THE WATER DIVINER
Director: Russell Crowe
Cast: Russell Crowe, Olga Kurylenko, Yilmaz Erdogan, Cem Yilmaz, Jai Courtney, Dylan Georgiades, Steve Bastoni, Isabel Lucas, Salih Kalyon, Megan Gale, Ryan Corr, James Fraser, Ben O'Toole, Jacqueline McKenzie
MPAA Rating: (for war violence including some disturbing images)
Running Time: 1:51
Release Date: 4/24/15 (limited)
Review by Mark Dujsik | April 24, 2015
The primary goal of The Water Diviner seems to be to achieve a complete sense of earnestness over all other concerns. Its hero is not so much an Everyman as he is a man who can do everything: a father whose connection to his sons transcends even death, a mystic farmer whose ability to divine water in the harsh Outback of Australia quickly adapts to being able to find bodies on the desolate remnants of the battlefield at Gallipoli, a widower who overcomes his grief to find the spark of love with another woman, and a traveler who learns to appreciate and even fight on behalf of another culture in the face of deeply rooted distrust. It's amazing how much this character can do, but it's even more amazing how much of a hollow vessel he turns out to be in spite of his accomplishments.
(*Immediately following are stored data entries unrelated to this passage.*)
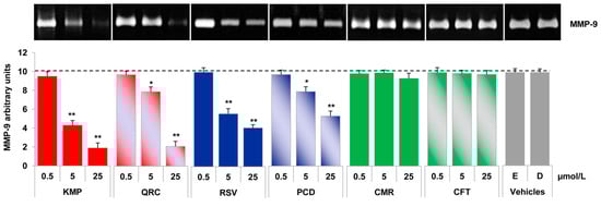 Similarly to endothelial cells, the PMA-stimulated MMP-9 release was prevented by pure polyphenols in monocytes (Figure 4). In particular, stilbenes as well as kaempferol and quercetin reduced MMP-9 release in a concentration-dependent manner, with 5 μmol/L as the lowest effective concentration. p-coumaric and caftaric acids were devoid of any significant effects.
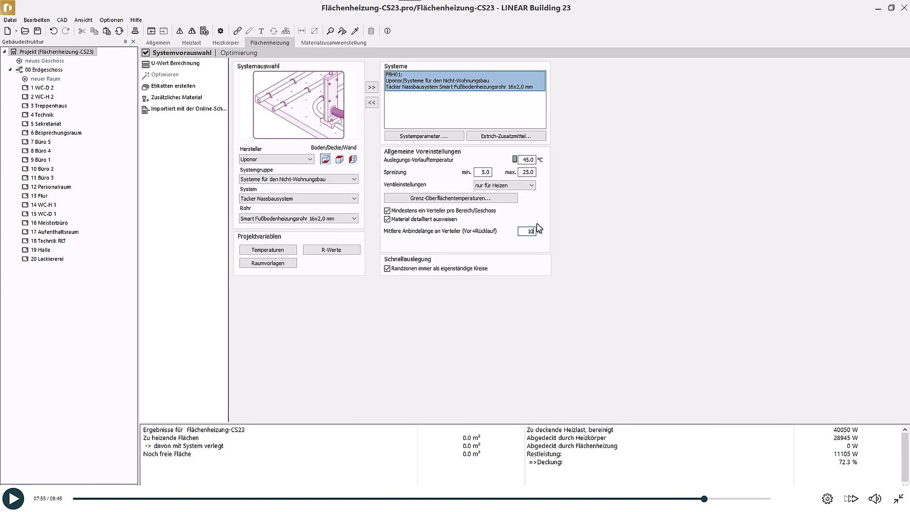 Um den Prozess zu vereinfachen, bieten wir Ihnen die Möglichkeit, allgemeine Voreinstellungen für eine Schnellauslegung zu nutzen, die dann individuell an jede Verlegefläche angepasst werden können. Darüber hinaus sorgen ausführliche Reports dafür, dass Sie stets informiert sind, ob die ausgelegten Flächenheizungen allen notwendigen Kriterien entsprechen. Außerdem erleichtern wir in der Projektübersicht den nachträglichen Austausch von Systemen, sodass Sie stets flexibel auf Änderungen im Projektverlauf reagieren können. Lassen Sie uns gemeinsam die effektivsten Lösungen für Ihre Flächenheizungsprojekte entdecken.
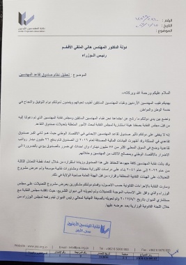 وإزاء ذلك فإننا نؤكد لدولتكم ان عدم السير في اجراءات اقرار النظام بالسرعة الممكنة يمس بشكل جوهري مصالح المهندسين الجدد والقدامى الذين لم يتقاعدوا بعد ويعرضه إلى عدم القدرة على الوفاء بالتزاماته المالية تجاه منتسبيه.
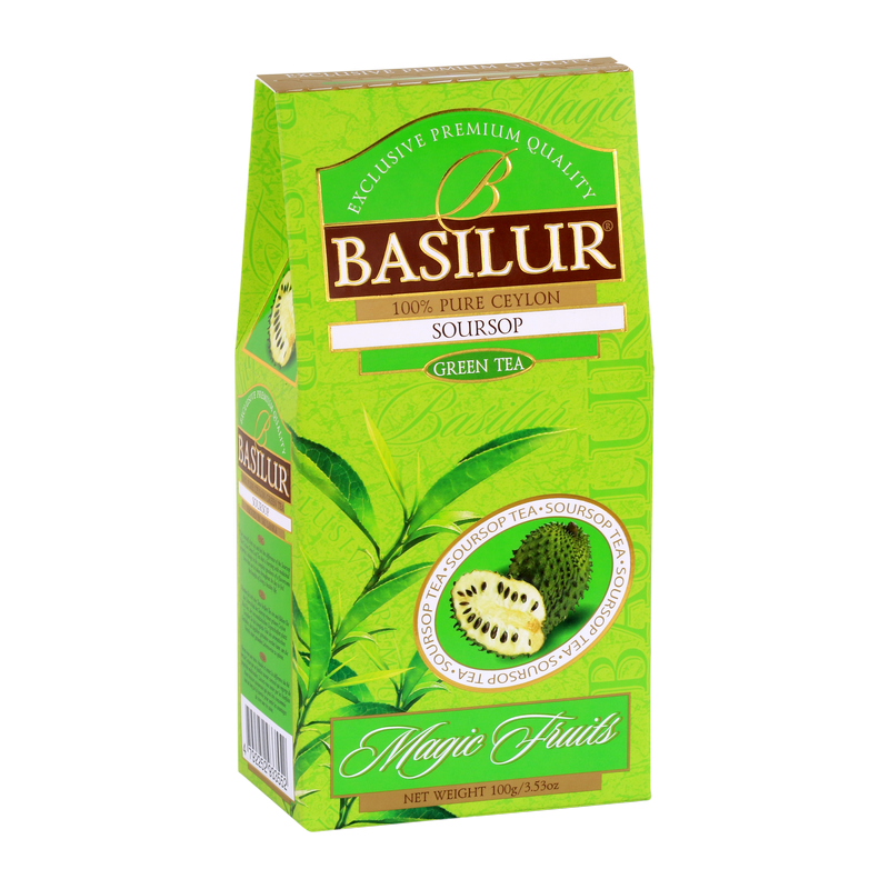 Herbata Basilur Soursop to wielkolistna zielona herbata bardzo wysokiej jakości z dodatkiem owoców flaszowca i kiwi. Flaszowiec zwany również graviolą lub guanabana to bardzo odżywczy owoc, który posiada właściwości antywirusowe i antyrakowe. To wspaniałe połączenie nadaje naparowi przyjemnie kwaskowego, owocowego smaku. Zielona herbata bogata w polifenole oraz przeciwutleniacze, wspaniale wpływa na zdrowie i urodę!
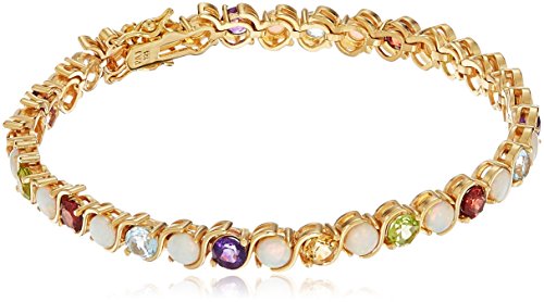 18k Yellow Gold Plated Sterling Silver Genuine Multi-Gemstones and Synthetic Reddish White Opal Bracelet, 7.25"

The movie is "inspired by true events," which, of course, means that most of it is likely codswallop. We must accept this fact. Fortunately, the movie makes it pretty easy to dismiss the "true" part of its story around the time that the protagonist starts using his divining powers to recreate a fierce battle in his mind, following the tracks of his deceased sons until he's standing exactly on top of the ground under which their bodies are buried. There's mystical nonsense, and then there's just plain old nonsense. That part has its feet planted firmly in the latter territory.
We must also accept this, although the movie once again makes it easy for us. The sequence, like the rest of the movie, is sincere. We may not buy the act itself, but we can buy the emotion that motivates and results from it, as a father comes to realize the terrifying final hours of the lives of his sons.
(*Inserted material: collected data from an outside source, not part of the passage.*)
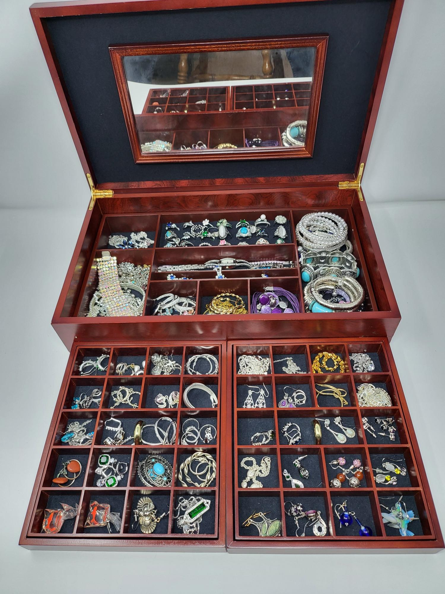 Box is 16" long x 9.5" deep x 3.5" tall with 2 removable compartments. It is filled with all kinds of newer fashion jewelry treasures. Many rings, bracelets, earrings and necklaces.
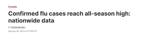 全国数据显示,上周流感检测阳性率达到21.2%,创下全季新高,超过了2023-24年流感季节的18.7%的峰值。据CP24报道,上周五更新的联邦政府健康信息库仪表板显示,2月1日当周流感检测结果为8,586例,大多数集中在65岁或以上的加拿大人中。
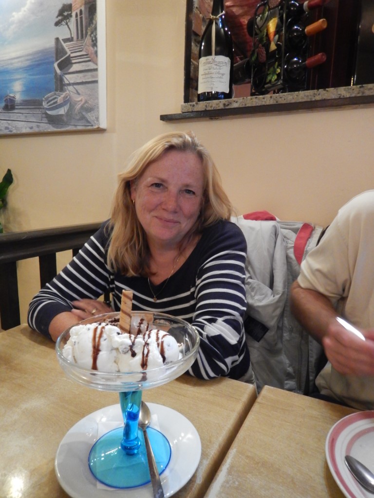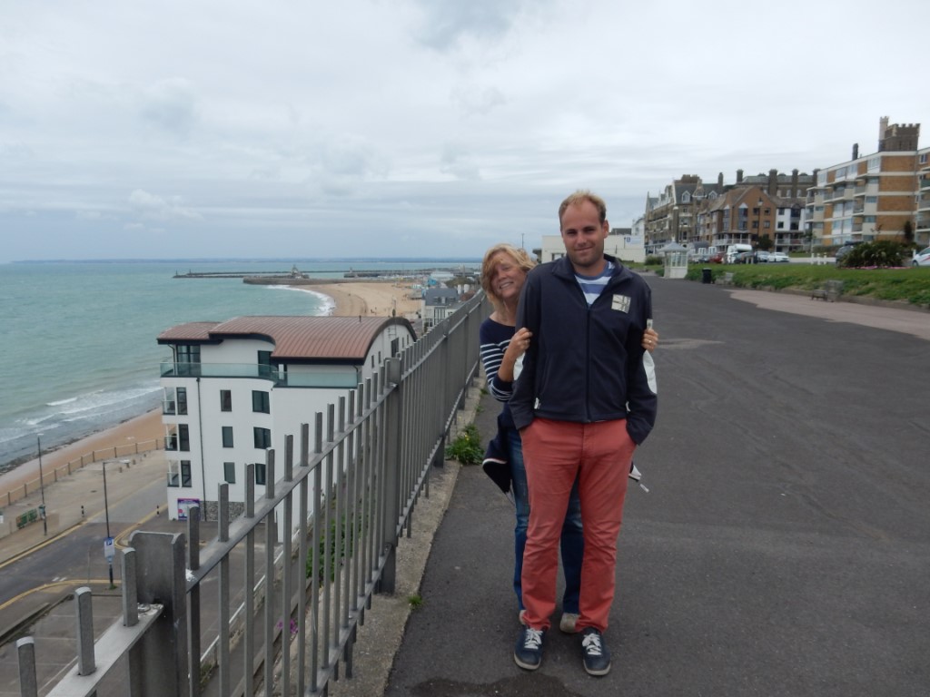 Tja, wat te doen op een stormachtige dag. Je staat iets later op voor een later ontbijtje. En dan toch maar een stadswandeling. De Vikingtrail vonden we iets te pittig, maar als alternatief gaan we naar Petticoat Lane Emporium, waar ruim 175 stalletjes met van alles wat zouden zijn. Ha, een beetje tegenvaller, het was een soort grote hal met allemaal oude meuk. Maar de wandeling erheen was een belevenis door van die echt oud Engelse straatjes, veelal met jaren vijftig tegeltjes, gordijntjes en verfwerk van 30 jaar terug. We wandelden terug bovenlangs de boulevard, waar we duidelijk konden zien dat het veiliger is om niet op zee te gaan. Er stond al veel wind en de eerste druppels begonnen te vallen. Terug op de Just begon het echt te hozen. We hebben met een ragoutje en een snackje de laatste aflevering van Game Of Thrones bekeken. Maar we zaten ook nog steeds met hoge nood aan boord en er was nog geen verlichtend telefoontje van het havenkantoor gekomen. We belden dus maar of ons pakketje van Jabsco aan gekomen was, en ja hoor het was er. Marion demonteerde het boordtoilet en ik ging in de regen het pakje halen. Gezamenlijk hebben we in een recordtempo de belt gemonteerd en de toilet weer werkend gekregen. Mark en Marion nodigden ons uit voor een etentje bij de Pizzeria. Gelukkig regende het net even iets minder en kwamen we redelijk droog aan voor een lekker samengesteld 3 gangen menuutje. En gelukkig voor ons zijn we ook weer droog aangekomen op de Just. Nu even lekker onderuit op een schommelende Just.
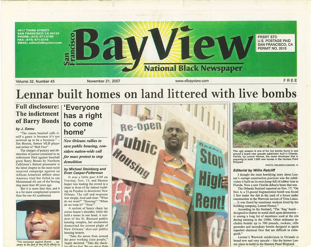And in “Will Navy’s radiological survey of homes on Treasure Island mean evicting 2,600 residents?” expert investigative reporter Carol Harvey launches a now two-and-a-half-year-long series advocating for the people of Treasure Island, most low-income and many formerly homeless, who must contend with the same triumvirate we’ve fought for decades in Bayview Hunters Point: the Navy, the City and Lennar.
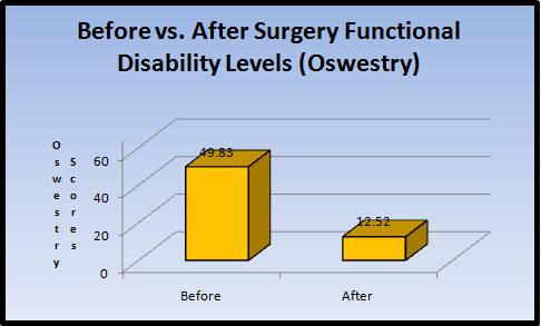 With regard to the Oswestry scores (see below), a median improvement of 76% was recorded (49.83 to 12.52, p=0001).
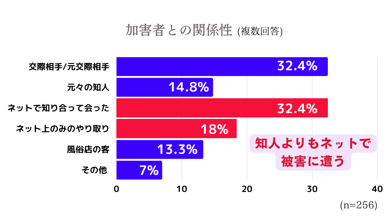 加害者との関係性では、「ネット上で知り合って実際に遭った人」が最も多かった。

As silly as the idea behind it may be, the sequence works because of that sincerity, and for a while, the movie works on similar grounds. This is the directorial debut of Russell Crowe, who also stars as the do-it-all farmer Joshua Connor, and he displays an ability to get straight to the heart of scene after scene, even as the cumulative effect of mounting contrivances within Andrew Knight and Andrew Anastasios' screenplay makes the whole affair more and more preposterous.
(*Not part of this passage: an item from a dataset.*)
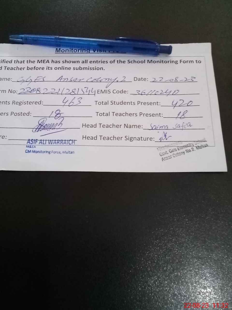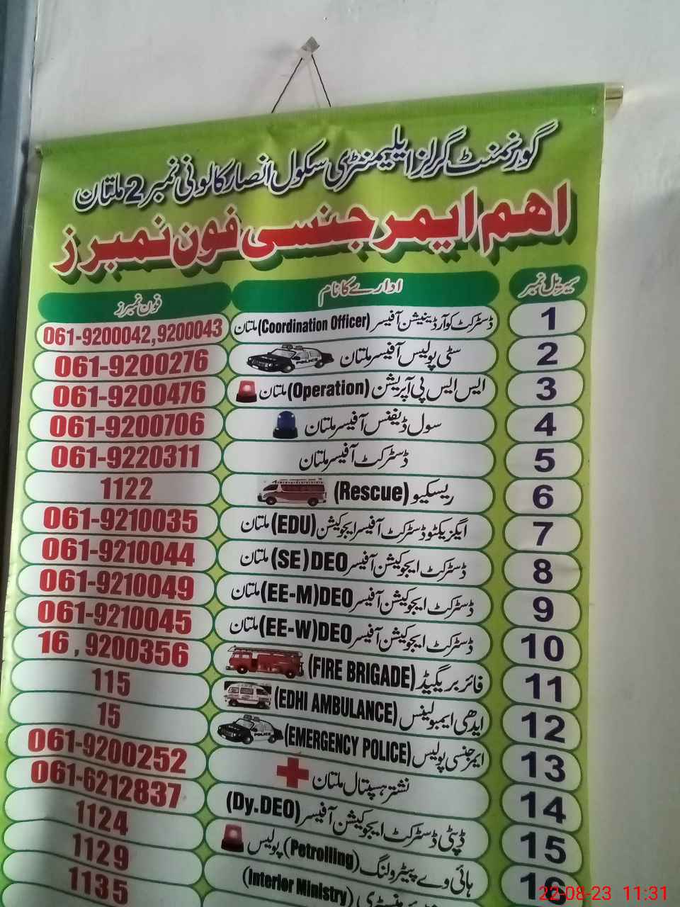 | EMIS Code: 36110240 | Name of School: GGES ANSAR COLONY NO. 2 MULTAN CITY | |||

Four years after the Gallipoli Campaign, Connor and his wife (Jacqueline McKenzie) live alone on their farm. She has lost her mind, insisting that Connor read their sons a bedtime story, even though all three were reported killed on that battlefield in Turkey. After his wife commits suicide, Connor makes a graveside promise to bring home their sons' bodies.
He travels to Istanbul and takes up lodging in a hotel run by Ayshe (Olga Kurylenko), whose husband was also killed in battle. She doesn't trust the foreigner from a country that she saw as an invading force only a few years ago, and he doesn't trust the inhabitants of the country where his sons were killed.
Connor fails in going through official channels to visit Gallipoli, but an unofficial route leads him to a sympathetic coalition of ANZAC and Turkish officials led by Lt. Colonel Hughes (Jai Courtney) and Major Hasan (Yilmaz Erdogan). Their task is to find, identify, and bury the bodies from the campaign. They allow Connor to search for the bodies of his three sons, but he only finds two. The third was taken as a prisoner of war, and his fate is unclear.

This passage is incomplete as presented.